Here's how Microsoft's STL implementation handles the variable-length encoding:

basic_string<wchar_t>::operator[])( can return a low or a high surrogate, in isolation.

basic_string<wchar_t>::size() returns the number of wchar_t objects. A surrogate pair (one Unicode character) uses two wchar_t's and therefore adds two to the size.

basic_string<wchar_t>::resize() can truncate a string in the middle of a surrogate pair.

basic_string<wchar_t>::insert() can insert in the middle of a surrogate pair.

basic_string<wchar_t>::erase() can erase either half of a surrogate pair.

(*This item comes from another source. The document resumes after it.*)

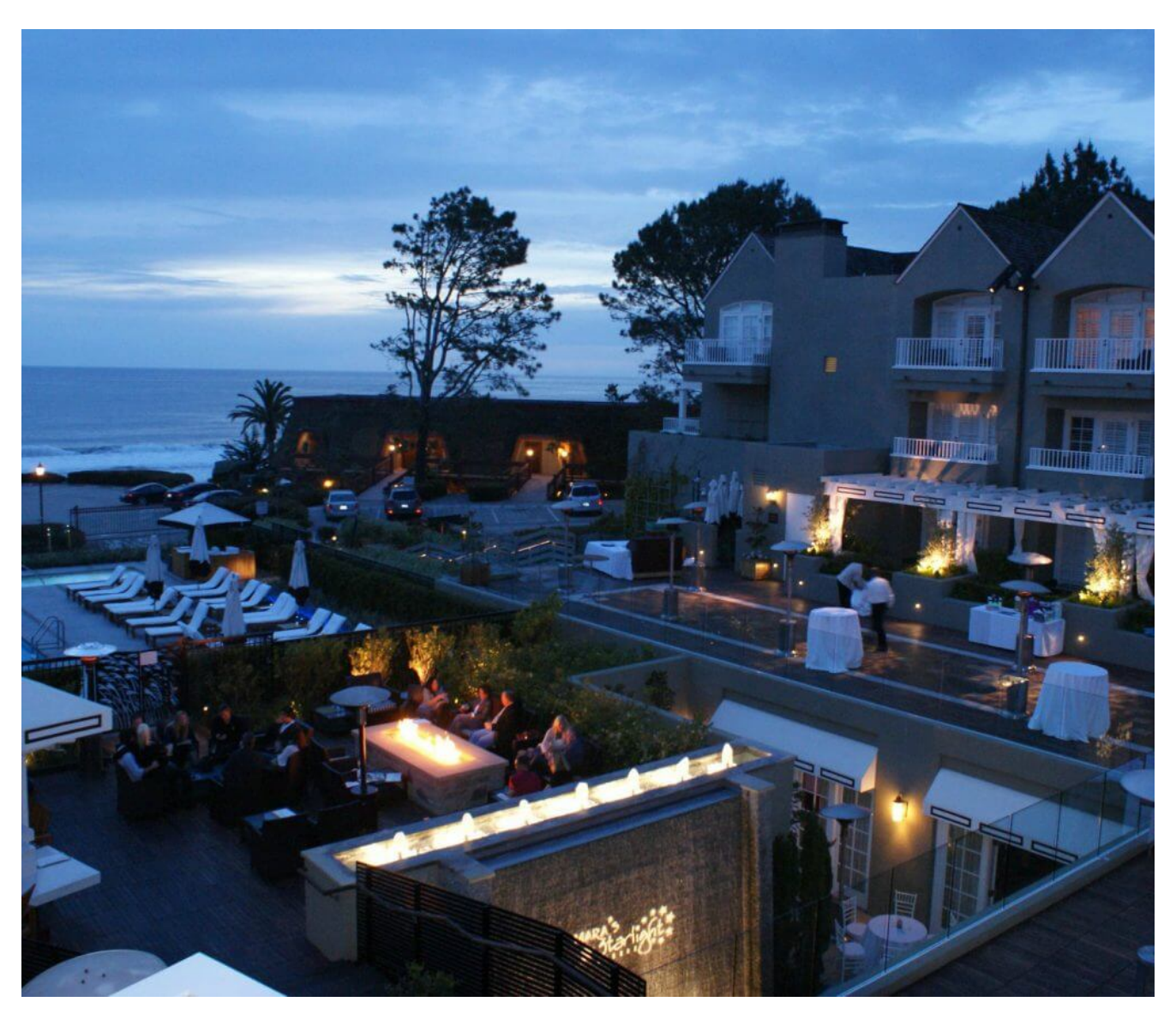
The pool which overlooks the ocean is a great place to relax and enjoy good company and a cocktail

One of my favorite things about this hotel is actually the spa. It's small and you'll have to book ahead to get a spot, but it's a separate building next to the main lobby that houses some of the most attentive and incredibly luxurious treatments i've had a boutique hotel. Their outdoor couples massage is highly recommended, and the tub on the patio completes that experience.

In general, the pattern should be clear: the STL does not assume that a std::wstring is in UTF-16, nor enforce that it remains UTF-16.

MSalters
How do you determine the string length if size() returns number of `wchar_t` objects? How do you safely insert(), erase(), etc? The "C" part of the standard library isn't supported in Windows for wide characters?
Let_Me_Be
@Let_Me_Be: What would you want to do with that string length anyway? As for safely inserting, it's your responsibility anyway to find the correct place to insert text. Not only are there UTF-16 rules, but (human) languages add spelling and grammar rules that must be obeyed.
MSalters
@Let_Me_Be: If you consider the presence of combining marks in Unicode, you can only realize that the whole of Unicode is actually a variable-length encoding. What would you expect to happen if you have a string with the Unicode codepoints U+0041 U+0308 (LATIN CAPITAL LETTER A and COMBINING DIARESIS) and you try to insert the codepoint U+0030 (DIGIT ZERO) between them? Allog these codepoints are representable with a single element in UTF-16 and UCS-4.
Bart van Ingen Schenau
@Bart You are talking about external encoding, that is irrelevant for me. I'm only talking about internal encoding.
Let_Me_Be
@Let_Me_Be: No, I am talking about *internal* coding. Even if your internal coding is UCS-4, it remains a variable-length coding due to the presence of combining marks in Unicode. There is just no way to encode every character (as a non-programmer would define such a thing) in a single codepoint.
Bart van Ingen Schenau
@Bart No, you are using the word character in the external meaning *rendered character*.
Let_Me_Be
@Let_Me_Be: Then please enlighten me. What would the internal representation be for the character that is externally visible as an A with a line above it (LATIN CAPITAL A with COMBINING OVERLINE)?
Bart van Ingen Schenau
@Bart Well, obviously that's not one Unicode character.
Let_Me_Be
@Let_Me_Be: And why would that make a difference for a user of a text-manipulation program? To the user it appears as a single glyph, so the program should treat it as a single character.
Bart van Ingen Schenau
@Bart Of it matters to him. But this is high level semantic. How the heck you want to work with Glyphs, when you can't even work with Unicode characters. Plus Glyphs is something that has to be supported by the rendering platform, and if it is that that platform will obviously report correctly that the user is now insert at position X+2 (because the last Glyph consisted of two Unicode characters) and not X+1.
Let_Me_Be
@MSalters: Did you perhaps mean "the STL does *not* assume that a std::string is UTF-16"?